Parece un reloj suizo marcando las horas para el cinismo. Cada Navidad, los emisarios del progreso  mundial vuelven a la carga. Siempre encuentran tiempo suficiente en sus agendas para salvarnos a todos de nuestras propias tradiciones. Según ellos, nada tan opresivo como desear una "Feliz Navidad". De momento no han remitido un formulario de consentimiento mutuo e inclusivo entre felicitador y felicitado. Dicen que se trata de un acto de microagresión cultural. Hay que ser idiotas... La cuestión es que, como sustitutivo, proponen eso tan insulso de las "Felices Fiestas", que ya se empleaba también mucho desde siempre (yo lo recuerdo desde niño, pero era una manera de no repetir siempre lo mismo). 

Infinidad de individuos de cualquier edad necesitan pasar por la vida desproblematizándolo todo. Total, si los exacerbados wokistas derriban estatuas de Colón allá donde las encuentran, cómo no atreverse a algo tan cultural como es la Navidad, si justamente es la Navidad el saco de boxeo que más fácilmente se golpea... Convertir la Navidad en una suerte de cumpleaños genérico para toda la humanidad es la solución.
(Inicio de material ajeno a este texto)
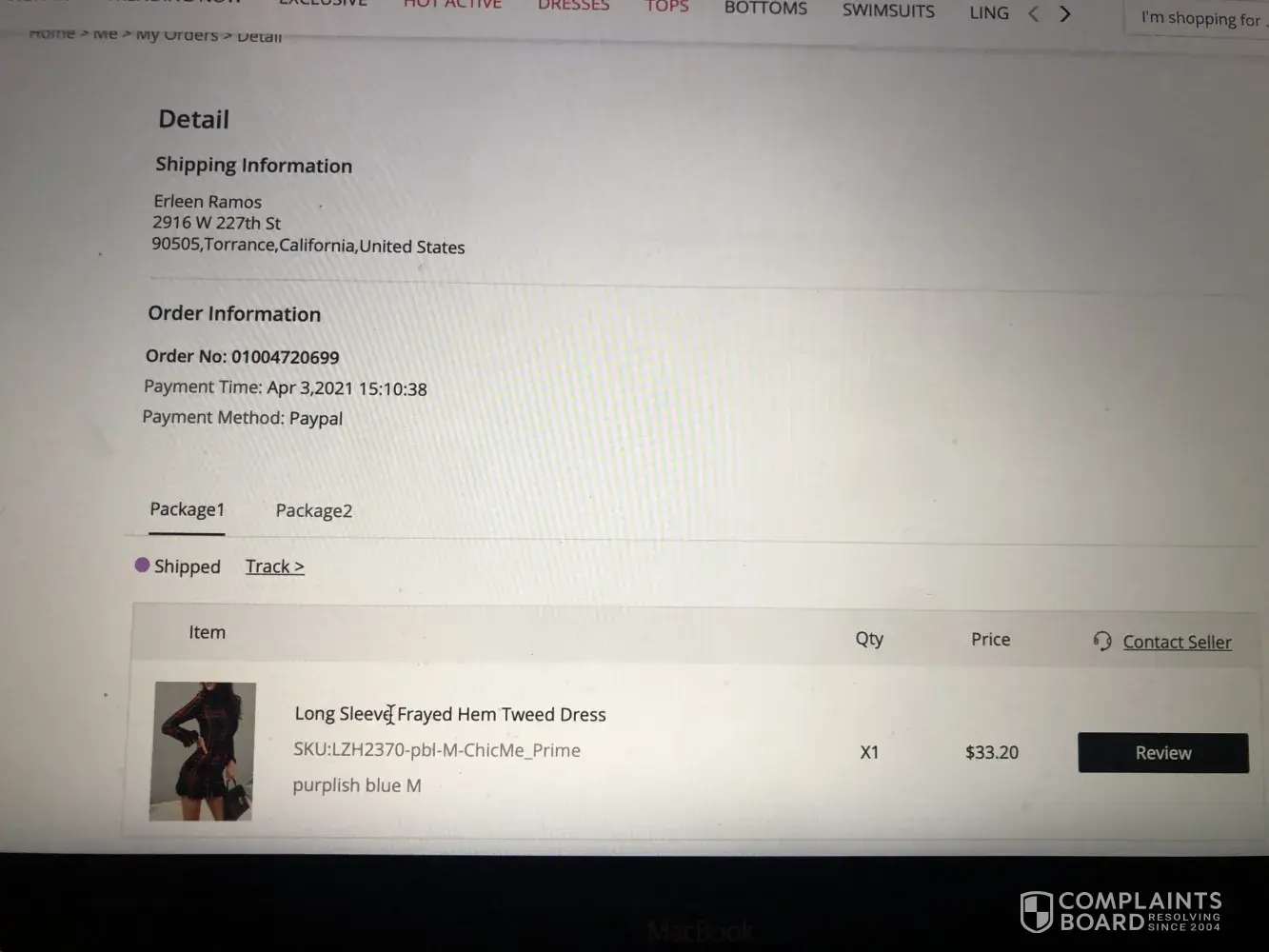 I purchased 18 clothing items from ChicMe and they sent me 1 dress just to show that they have a tracking# so they could commit fraud and Paypal would think they sent me my order. Order was done 04/03/2021 and I have not received the 17 items remaining in order. I have requested that ChicMe refund for the 17 items not received to date. I have included photos to show proof that they have not sent the remaining 17 items, as well as a photo of the small package that shows 18 clothing items could not fit in that small package.

Tal vez por aquello de suceder cuando el solsticio de invierno del hemisferio norte, que en el hemisferio sur, donde la Navidad es más celebrada, la cosa va de estío y buen tiempo: cuando el clima es bonancible, la gente no repara en estupideces.

Nuestras ciudades se van decorando de Navidad, pero evitando insinuarlo siquiera. En Barcelona, en el Raval, han colocado unas luces invernales tan acogedoras como una reunión de comunidad de vecinos. Sin nada remotamente relacionado con la Navidad. Solo formas abstractas que podrían estar festejando el último modelo de iPhone. Todo para no ofender a la populosa demografía musulmana que allí habita. En las escuelas, los niños tienen claro que se celebran los regalos y las cenas (razón no les falta). Me pregunto por qué no lo hacen en un McDonald's, ya puestos. Nadie pide que sean creyentes. Se pide ser consecuentes. En el Medievo, el Islam jamás practicó la duda en sus preceptos, razón por la que perdió el liderazgo que ostentaba en ciencias, artes, música y geografía. Europa, tan arrebatada de fundamentalismo cristiano, promovió un ejercicio muy sano de contraposición de opiniones, y de ahí provenimos. Qué menos que darse cuenta de ello...

El laicismo militante, primo amargado de la neutralidad, tiene por cimientos la apatía cultural. Ser culto es muy aburrido, además de muy cansado. Mejor aprender cosas en Netflix. Mejor subir fotos a Instagram. Mejor publicar chorradas en Facebook (¿aún existe?). Nos obsesionamos con no celebrar nuestras tradiciones y el islamismo, que ni siquiera se esfuerza en disfrazarse de multicultural, va imponiendo las suyas a causa de ese complejo de culpa crónico que padece Europa. España, siempre dispuesta a llegar tarde a todo, se ha subido al tren con entusiasmo,  tanto a derechas como a izquierdas, alimentando su propio vacío cultural con folklore reinventado, alcaldes tontainas, y desprecio a lo propio. El consumismo, por cierto, jamás desaparece (pero todos se quejan de él, aun practicándolo). En otros países empiezan a entender que, sin una identidad clara, las sociedades se derrumban. En España, esa cualidad parece exclusiva de catalanes desquiciados y vascos otrora terroristas.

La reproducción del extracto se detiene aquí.